What is caching, and why should you care? In this article, we cover topics like what a cache is, how caching works, how it can speed up your build times, why you should cache your builds, and more.

TLDR; Caching is the most efficient way to increase your build speed. Optimize your workflows. Talk to us today.

Caching helps optimize CI/CD build times with a minimal amount of effort — and yet, our research has shown that few developers know how to cache, or what the true benefits of caching are. Long build times slow down development, hamper your release frequency, and negatively impact the user experience — affecting your bottom line. One solution to this is caching.

In this article, we cover topics like what cache is, how caching works, how it can speed up your build times, why you should cache your builds, and more.

CI/CD caching with Bitrise is a series of articles that takes you through all there is to know about caching. Other caching articles in the series currently include Dependency caching — then vs now. and Dependancy caching with Bitrise.

What is a cache and what does caching mean?

You may be wondering what a cache is and what it means to cache data. In broad terms, caching is a data-management heuristic that allows you to reuse a previously created piece of information (such as a file) instead of creating it again (such as downloading from a remote server). By doing this, data can be served up faster, and computations run quicker, as it eliminates the need to recreate something again and again. If you think about it, a cache — in its simplest form — is simply temporary data storage.

In the context of mobile CI/CD systems, caching relates to moving data between isolated builds. By definition, each CI build runs in ephemeral, isolated virtual machines.

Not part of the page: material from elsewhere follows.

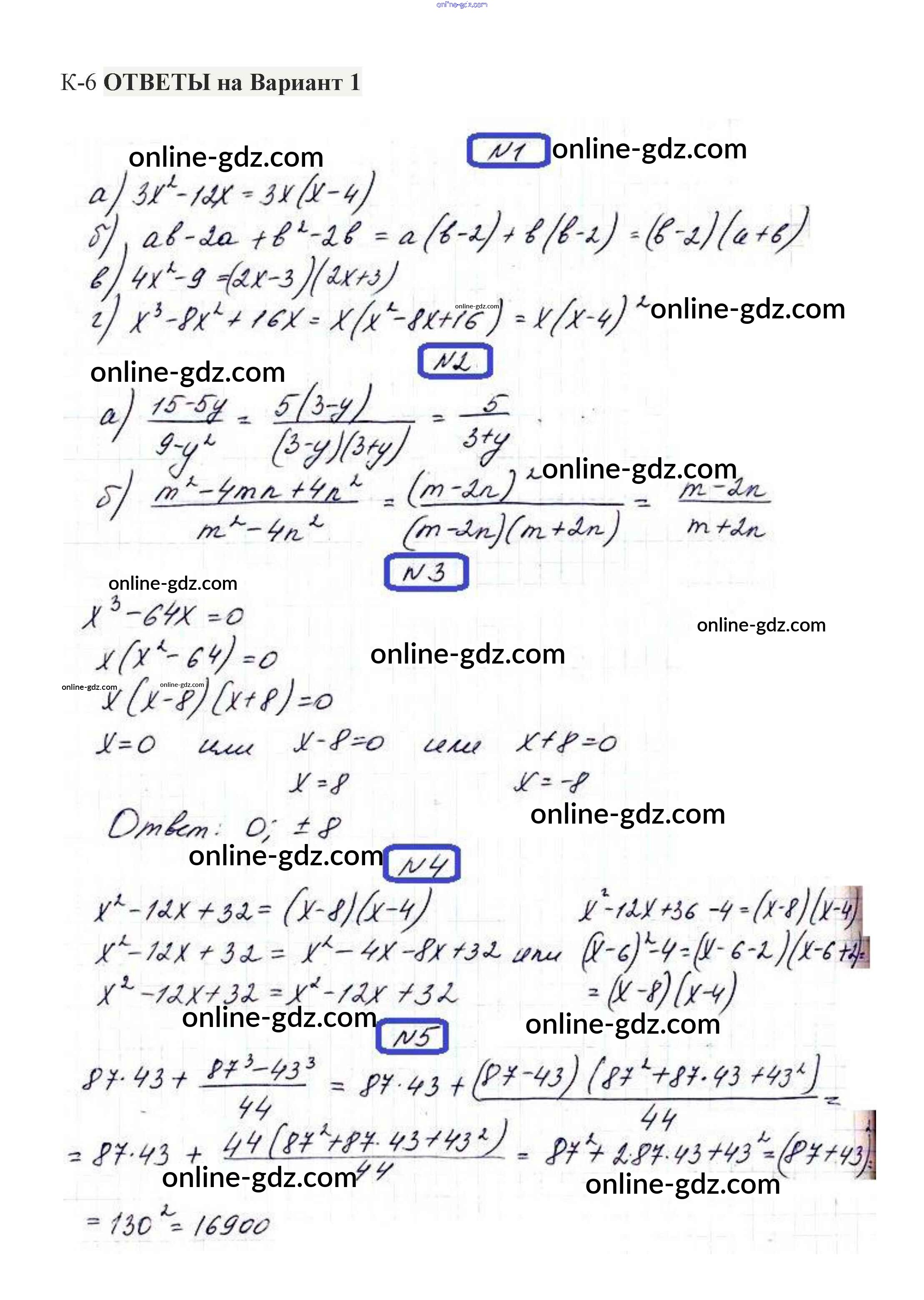 Готовые домашние задания по Алгебре за 7 класс Контрольные работы Александрова 2017 - КР-6. Варианты Контрольные работы 1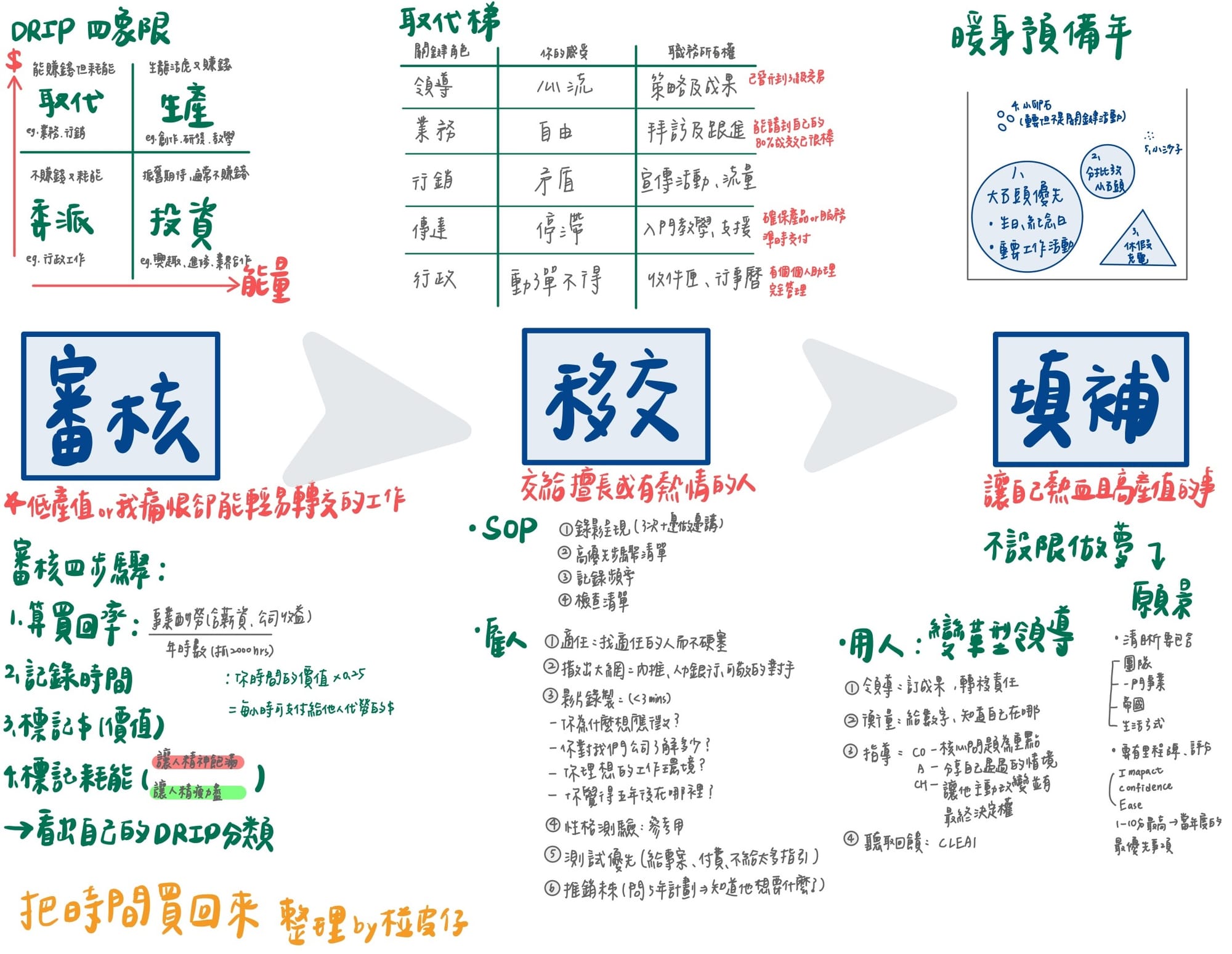 先透過取代梯,找到自己的定位,然後試著把手上的職務一步步交付出去,而透過灑出大網跟篩選,找到值得交付的人,然後要賦權、讓他們承擔責任,最後要認清員工要的是什麼,並且給他想要的,讓值得的人能夠好好做事且留下。

This means that a typical CI workflow needs to take extra steps to bootstrap the environment that is normally already available on a developer’s local machine. This bootstrapping includes installing CLI tools, downloading 3rd party dependencies, and fetching the source code. These operations take precious execution time, so correctly caching any of these operations makes your CI workflows faster.

To illustrate this is the image below. Without a cache, builds are completely isolated from one another; Build#1, Build#2, and Build#3. However, with caching, data can be shared across builds, reducing execution time and making CI validation faster.

Without caching, builds are isolated from one another.  With caching, communication between builds happen.

Caching and the cooking concept: How it helps speed up build times

In “Caching – An Introduction”, GeeksforGeeks explained caching by means of a cooking concept.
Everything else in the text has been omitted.